In Belize, the response of our government is in a category less than lukewarm. I am not aware of our government’s even attempting to prosecute anyone who has been accused of this vile crime. What we have here, I believe, is an Attorney General who is thinking too much.

In a 7News story, “Cyber-Bullying Spree On Facebook — GOB Trying to Come Up With Laws” of February 24, 2017, we learned of a Facebook group that had posted a story, with a picture, of a minor who they said was in an adult relationship, and the child’s mother had lodged a complaint with the police. The media asked the Attorney General, Michael Peyrefitte, and then Solicitor General, Nigel Hawke, if there were laws in Belize to deal with cyberbullying.

Hawke told the media that they had set up a committee to look at legislation, and that we could expect something within two or three months. The Attorney General said, “…passing laws is not like buying a pound of rice…It doesn’t work that quickly…there’s this cheater…and there was a minor…who do we hold responsible for that? The parents, the person who took it? What if the minor herself, took the video and posted it? Who do we hold responsible?

“…we are in Belize. If you are to prosecute everyone who had a bad thing to say about somebody else on Facebook, everyone would have been to jail or gotten sued because that’s all social media is used for, bashing people, and outing people. We have to make sure that when crimes are being committed or things that are of such an indecent nature that it upsets us that we find the laws to address it. But it’s not as easy as people think it is.”

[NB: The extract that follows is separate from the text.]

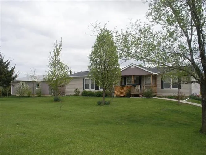 Well maintained manufactured home on 3.4 acres m/l. Funll unfinished basement with walkout. Fireplace. Oversized detached garage. Landscaped.
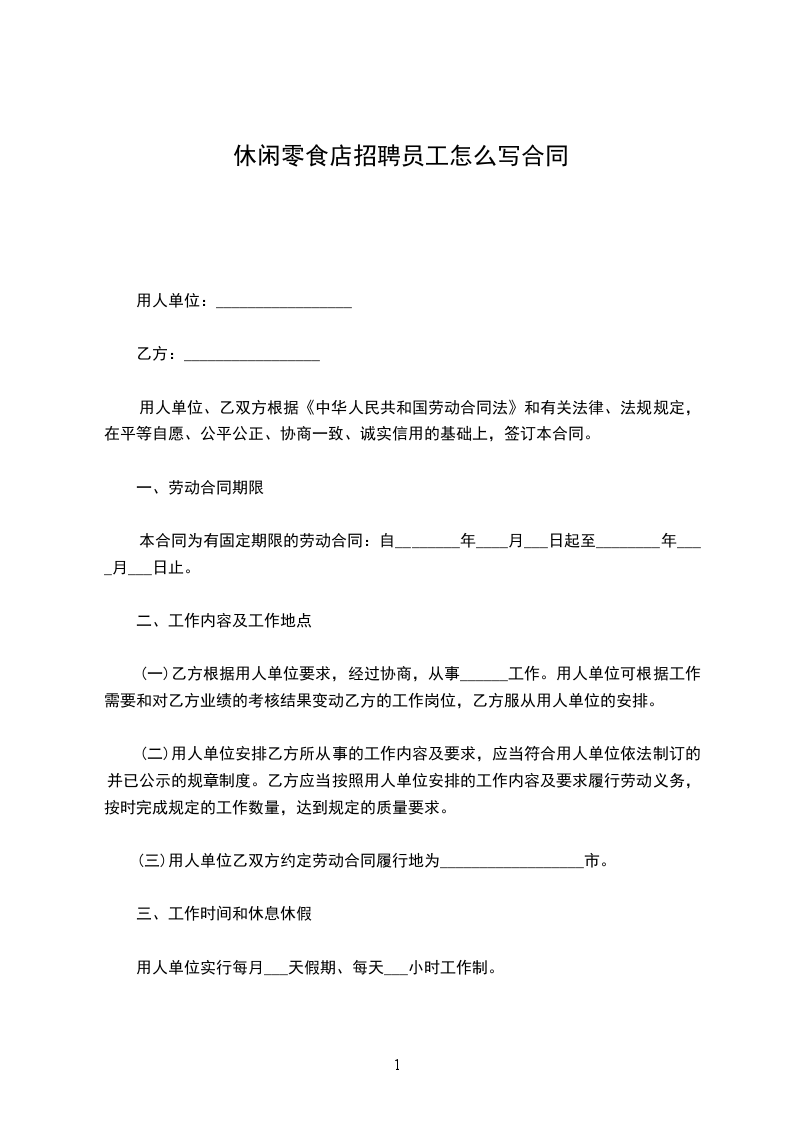 第一条:甲方根据工作需要,聘用乙方在店面中从事___________工作,(营业员、收银员、储备店长、店长任选其一)从事零食产品的销售及店内服务等工作;

It is not impossible that our government and the AG do not agree with formulating laws to deal with cyberbullying. In a News5 story of May 17, 2019, the AG said, in response to a public outcry against men who had released sexually explicit pictures of females in our community, that we have to consider “responsibility.”

The AG said: “People complain about videos being out there, adults…Should we put in….legislation that maybe it is an offence to make a video like that? Maybe it is an offence for you to allow someone to make a video like that. We have to start taking responsibility. If you don’t want a video like that with you out there, don’t make one. So should there be a penalty for someone who makes one?

“…we want to make sure that when we present a bill to the House that it is one that is tight, well- written and that we can depend on with people who commit infractions.”

So, two and half years after the Belizean public expressed its disgust with impunity for perpetrators of this crime, there is nothing on the books.  Let us be very clear to the government of Belize: we have a right to privacy in this country and our government’s duty is to protect our rights.

The AG has said that women who don’t want to be subjects of such revenge shouldn’t allow themselves to be videoed that way. That advice is next to worthless. If men are the judges of the world, the female body is God’s most fascinating creation, by far. Men will encourage women to have pictures of their body taken, and some will agree to do it.

A nude picture doesn’t have to be sexually explicit to cause harm. What happens if a young woman posed nude for her boyfriend for some fun shots, and later on she decides to become a nun? Really, that old boyfriend can’t have rights to expose those pictures. The right to take a picture has to be different from the right to expose a picture. Fifty percent participation in a picture gives limited rights.

We are overthinking here. There are cases of this nature that are difficult to prosecute, and there are easy cases to prosecute. If there are two persons in a picture, and one screams foul, you don’t need any more evidence. Get the job done, AG. Put out what you have now and keep building on it. You might not get 100% convictions, but the law might scare off some men from committing this dastardly crime.

On top of that, taking a case to court will out the pariah male who perpetrates this crime. We want to know him so we can tell him he is not worthy of the company of men. Out those bohgaz, AG.